Ж. Донзело3: Меня смущает формулировка вопроса. Я предпочел бы говорить об обратном. Разве говорить об асоциальном и антисоциальном поведении не означает поместить телегу впереди лошади, поскольку характер поведения задается прежде всего определенным институциональным делением? Заключенные в те или иные учреждения люди находятся там согласно решению властей, которое право и медицина лишь ратифицируют, действуя, однако, совместно.
П. Мейер4: Да, но разве тот факт, что прежде основной упор делался на право, тогда как сейчас — на медицину, ни о чем не свидетельствует?

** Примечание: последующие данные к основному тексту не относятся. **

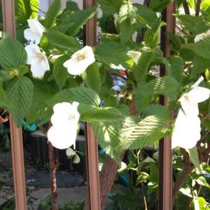 散策の帰り道に、近所のお宅のフェンスに、白い山吹の花が、咲いてました。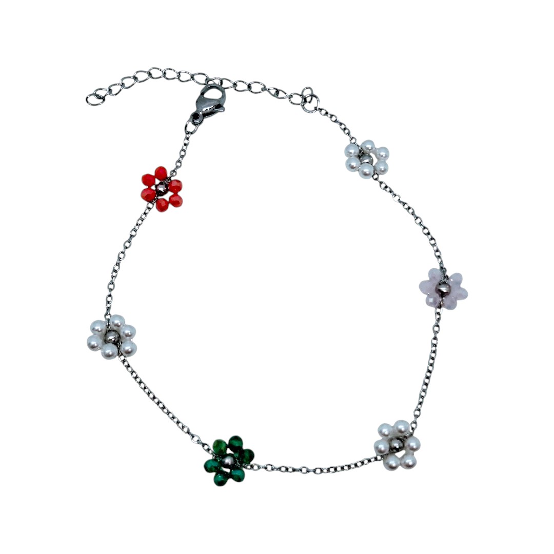 TOBILLERA DE ACERO T-121 (COLOR DE FLOR SE VARIA)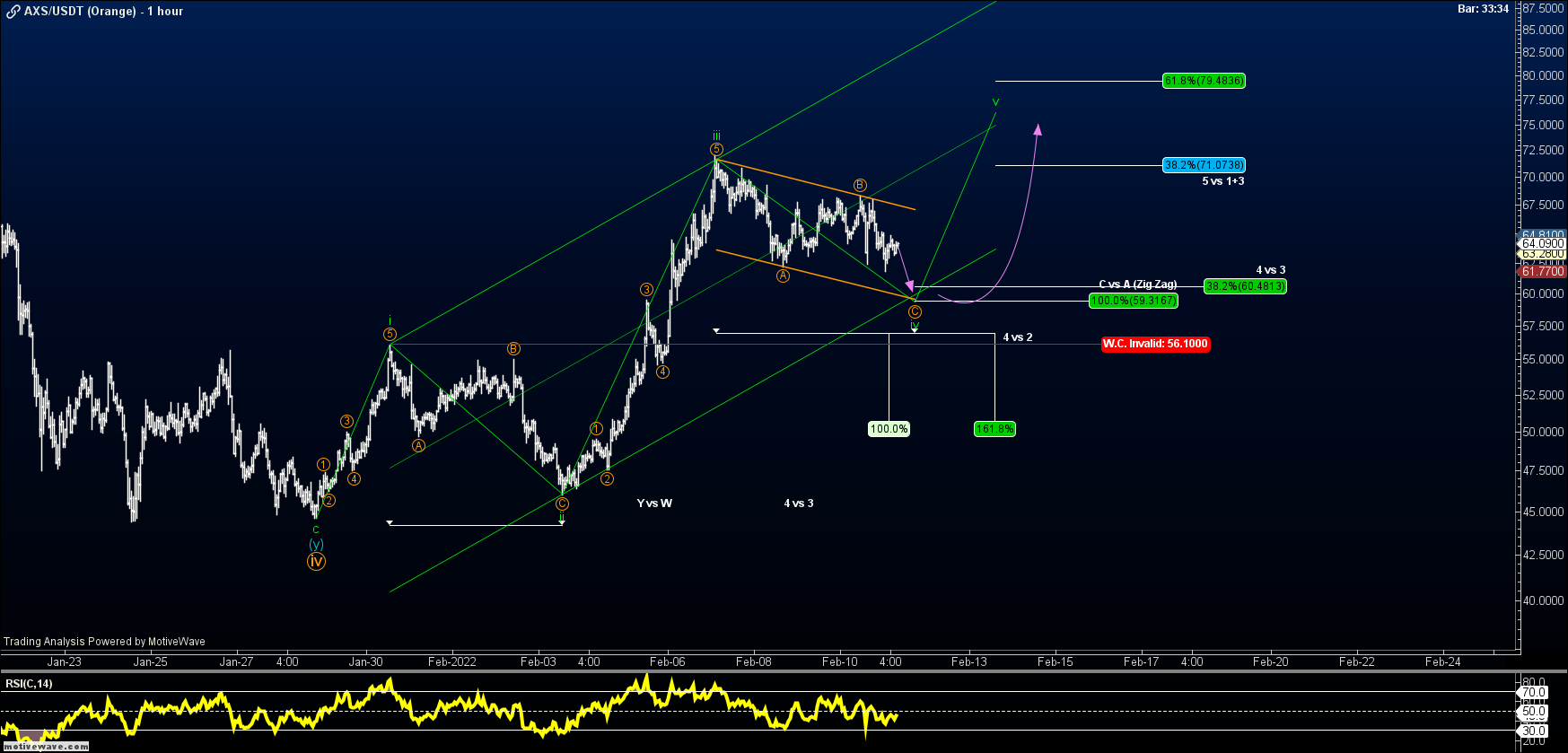 If AXS does not manage to hold on above the current support level, the next main support would be at $59. This is the 0.5 Fib retracement support level and a coincides with the resistance line of a channel connecting the highs of waves one and two (black).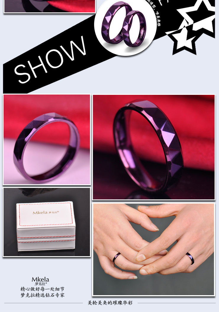 梦克拉 Mkela 钨金情侣紫色戒指 炫美悦美 情侣对戒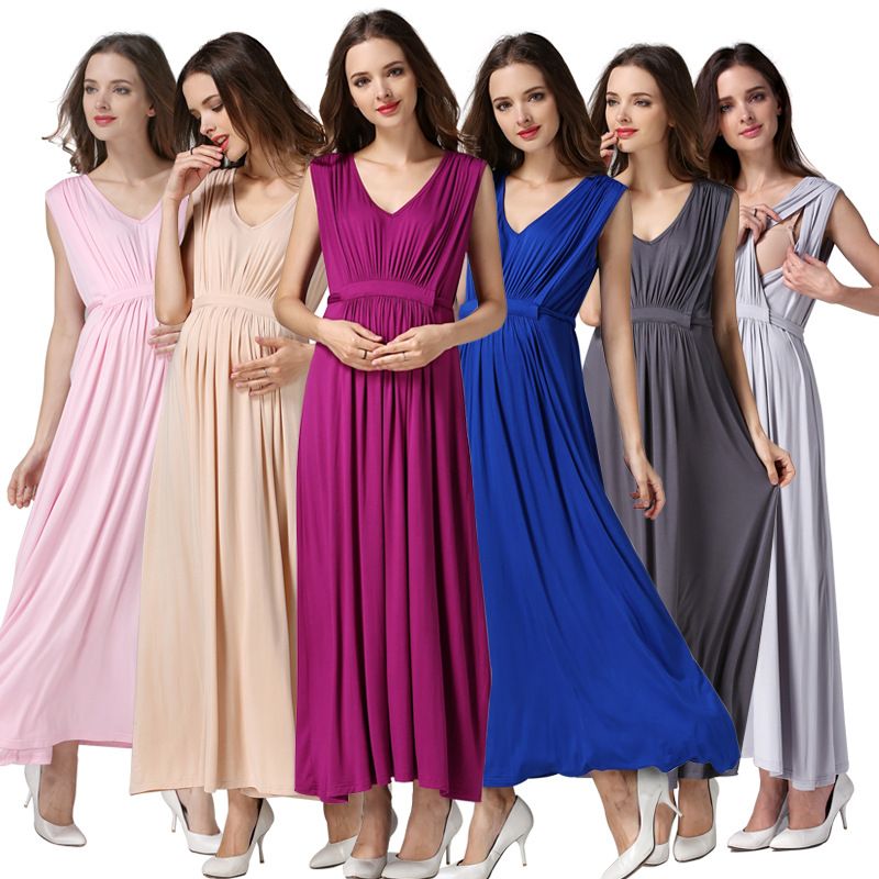 Modisches, langes, superweiches Stillkleid aus Modal mit seitlicher Öffnung für Schwangere, Größe L, Emotionmom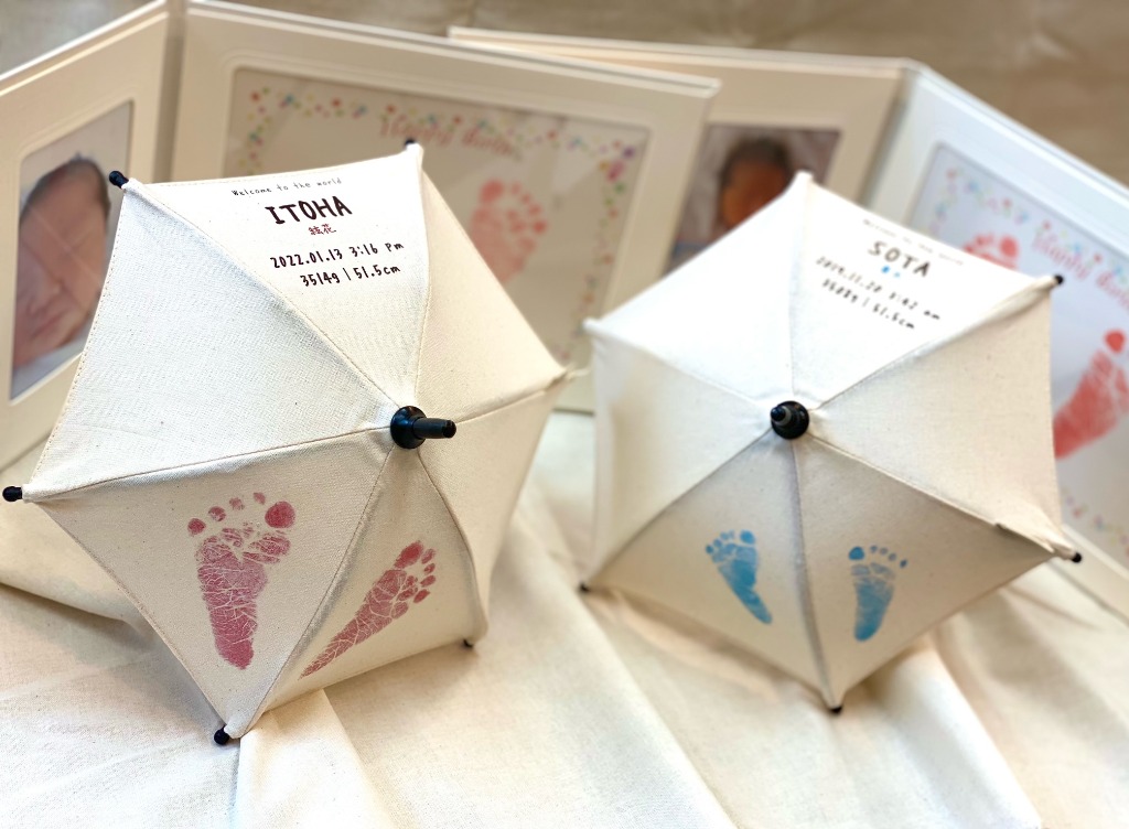 足形部分を使用し出生記録と共にミニ傘にしました!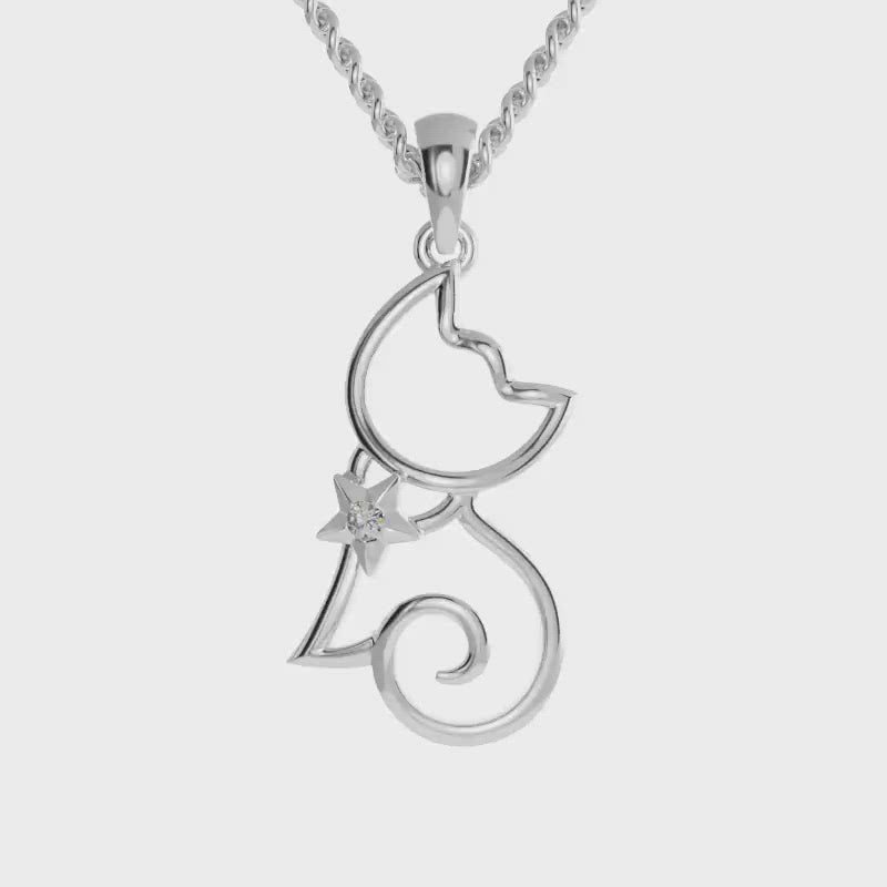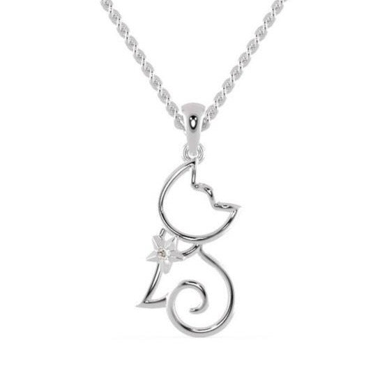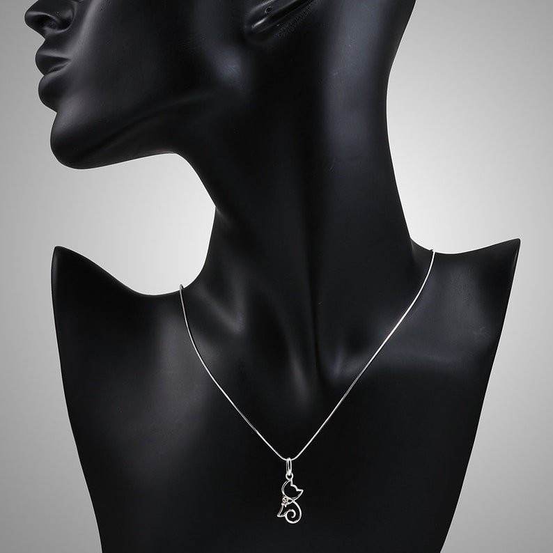New Arrival 92.5 Sterling Silver Cubic Zerconia Cute Animal Cat Pendant Necklace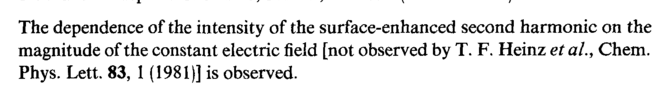 The dependence of the intensity of the surface-enhanced second harmonic on the magnitude of the constant electric field [not observed by T. F. Heinz et ah, Chem. Phys. Lett. 83, 1 (1981)] is observed.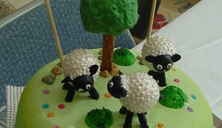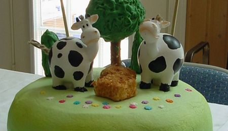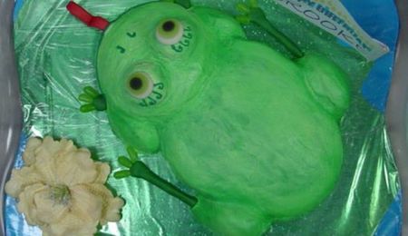 Yellow sour cream cake with buttercream filling and icing. The apple on top is two mini bundt pans and the apple was hand painted after the buttercream crusted. The leaf and steam are tootsie rolls. Marzipan fruits decorate the sides and yogos are the large bead decorations. This was for a kitchen themed bridal shower.
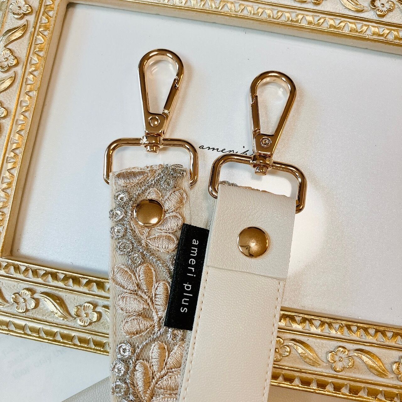 繊細で美しいインド刺繍リボンを贅沢に使用し、裏地には高級感のあるフェイクレザーを合わせた、上品でおしゃれなハンドストラップが完成しました。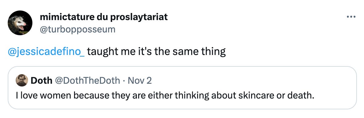 I’m also not convinced the motivation for skincare-obsessed teens is anti-aging so much as pro-avatar. Virtual technology is arguably the biggest influence on beauty standards today — Instagram Face, “Filter Serum,” et al. — and the hallmark of an online avatar is that it’s frozen in time and space. It’s not human, not alive, not aging. There is significant overlap between idealized tech and idealized youth, so the output is pretty much the same. But I do think the input may be different?
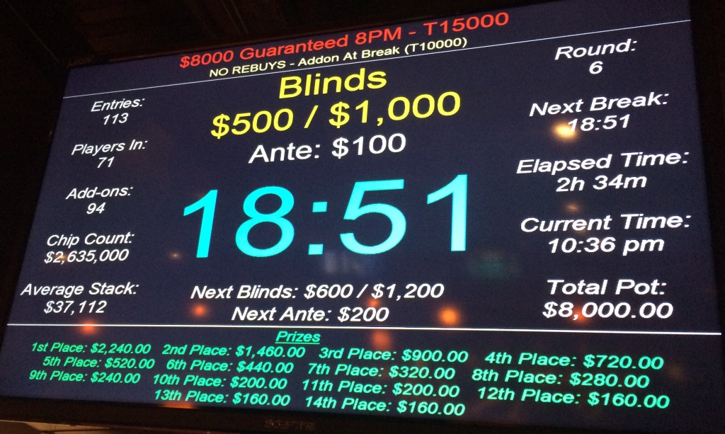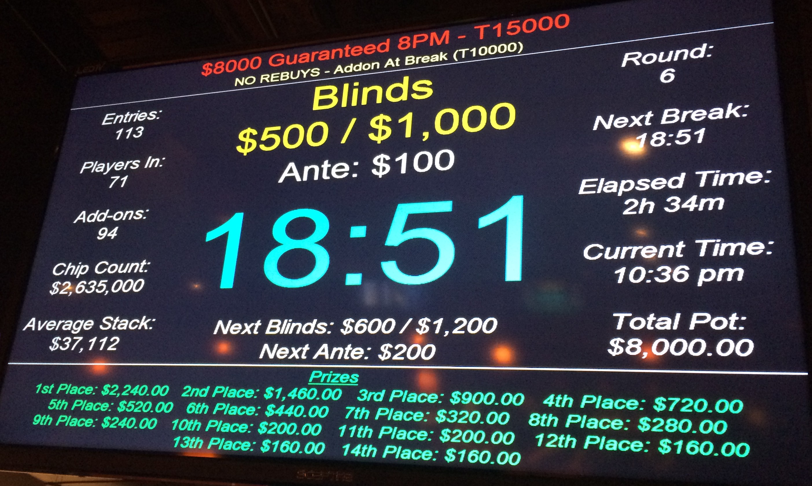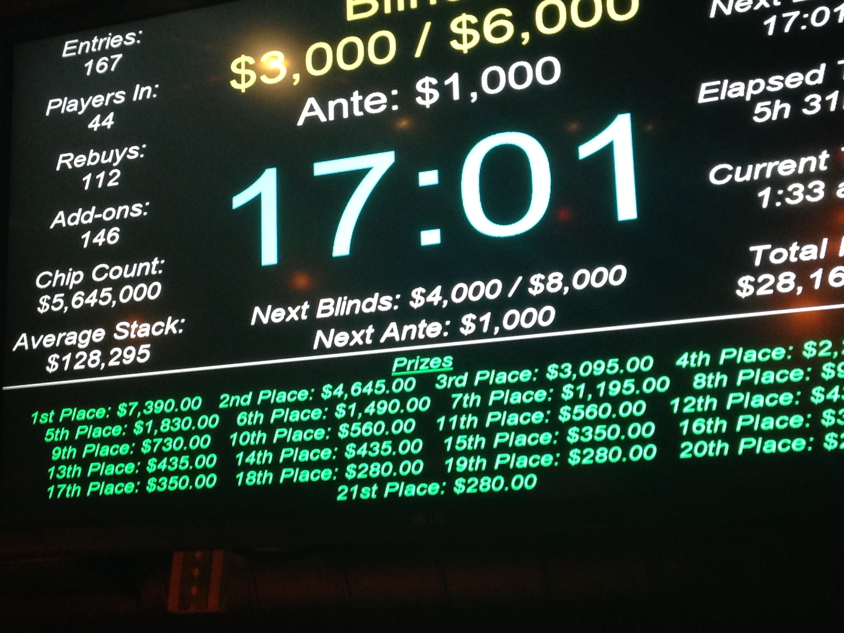 For comparison, here’s (part of) the screen from Encore at a similar point in the tournament. I apologize for the crop, I didn’t take it but some of the screens are difficult to shoot when there are players in front of them. Average buy-in at Final Table was $162; at Encore it was $169. Average share of the pot at Final Table (including overlay) was $175, for an 8% immediate +EV.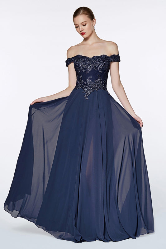 فستان من الدانتيل مكشوف الكتفين مع فتحة سفلية من الشيفون المتدفق وبطانة في الساق.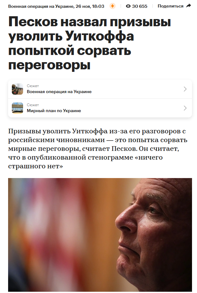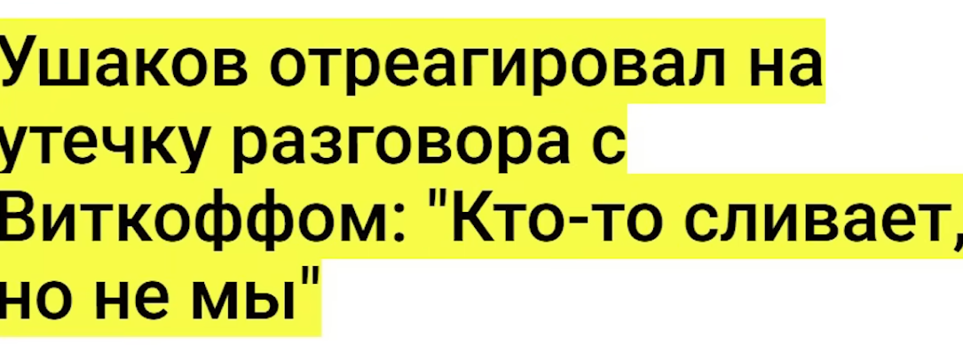 — Информагентство Bloomberg публиковало стенограммы якобы телефонных разговоров Уиткоффа, Ушакова и Дмитриева. Но Ушаков расшифровки опроверг и заявил, что все звонки проходят по закрытым каналам связи.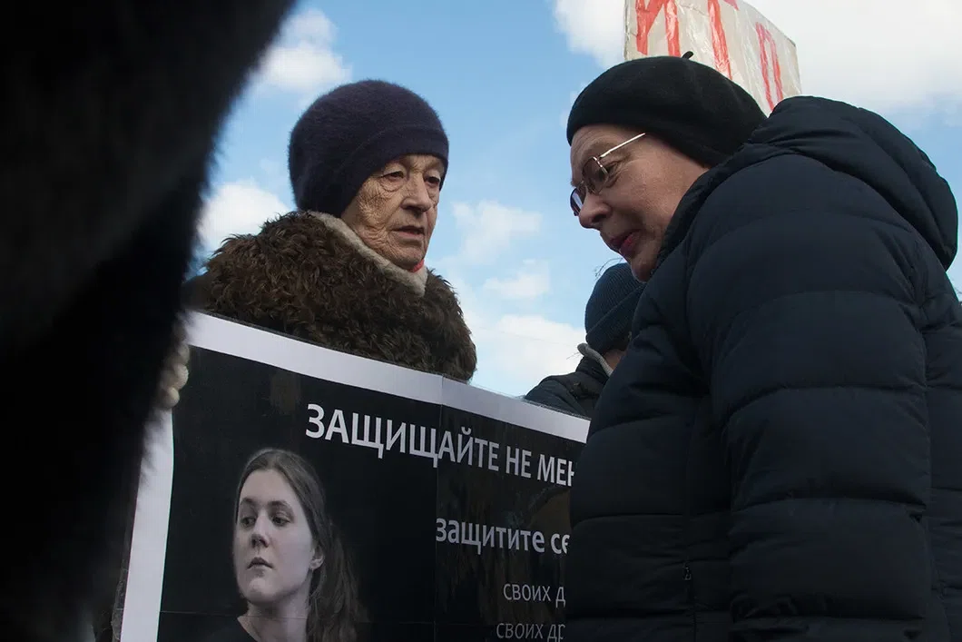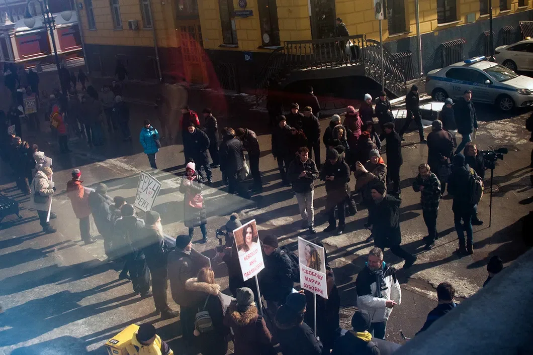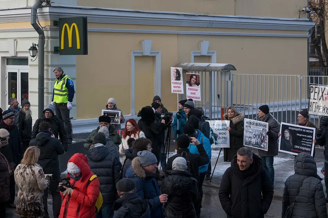 Холод жуткий, последние удары зимы. Тридцать человек выстроились цепью вдоль Климентовского переулка с лозунгами: «Власть, которая боится детей, обречена», «Вы гуляете, они сидят!», «Я жертва провокации ФСБ, кто будет следующей жертвой?». Сбоку, ближе к «Макдоналдсу», стоит женщина с палочкой. В руке плакат: «Не смейте сажать мою дочь!» Это Юля, мать Ани Павликовой.

М. Фуко: Я хотел бы внести небольшое историческое уточнение. Не знаю, способно ли оно повлиять на обсуждение проблемы. Как и Донзело, я думаю, что на самом деле правовые категории «исключения» обычно находят соответствие в медицине или клинике. Безусловно, нас вводит в заблуждение то, что правовые термины, по определенным причинам, практически неизменны и постоянны, тогда как клинические категории, наоборот, относительно нестабильны и быстро обновляются. Действительно, понятие трудновоспитуемого появилось сравнительно недавно, что, однако, не означает, что судебно-медицинское удвоение, а также оформление правового понятия в категориях клиники — явления недавнего прошлого, поскольку до «трудновоспитуемых» существовали «дегенераты», а до «дегенератов» — «мономаньяки», и все эти понятия являются как правовыми, так и медицинскими. Зато я считаю, что на Западе в XV в. началась грандиозная полицейская отбраковка населения, представлявшая собой охоту на бродяг, охоту на нищих, охоту на бездельников; подобная практика отбора, изгнания, полицейского заточения оставалась вне действия правовой и судебной практики. Парижский парламент в течение нескольких лет обязан был поставлять полиции парижских бродяг и нищих, но очень скоро его освободили от этой обязанности, и нужды полиции фактически обеспечивались институциями и органами, не имеющими ничего общего с обычным правовым аппаратом. Далее, в начале XIX в. вся полицейская практика социального деления находилась в подчинении у суда, поскольку в наполеоновском государстве полиция, право и пенитенциарные органы объединяются между собой, и в тот самый момент, когда эти практики объединяются с судебной, т. е. полицейской, практикой, в тот же момент, чтобы оправдать и усилить их, придать им иное звучание (но не для того, чтобы придать им иное прочтение), возникают новые психологические, психиатрические и социологические категории.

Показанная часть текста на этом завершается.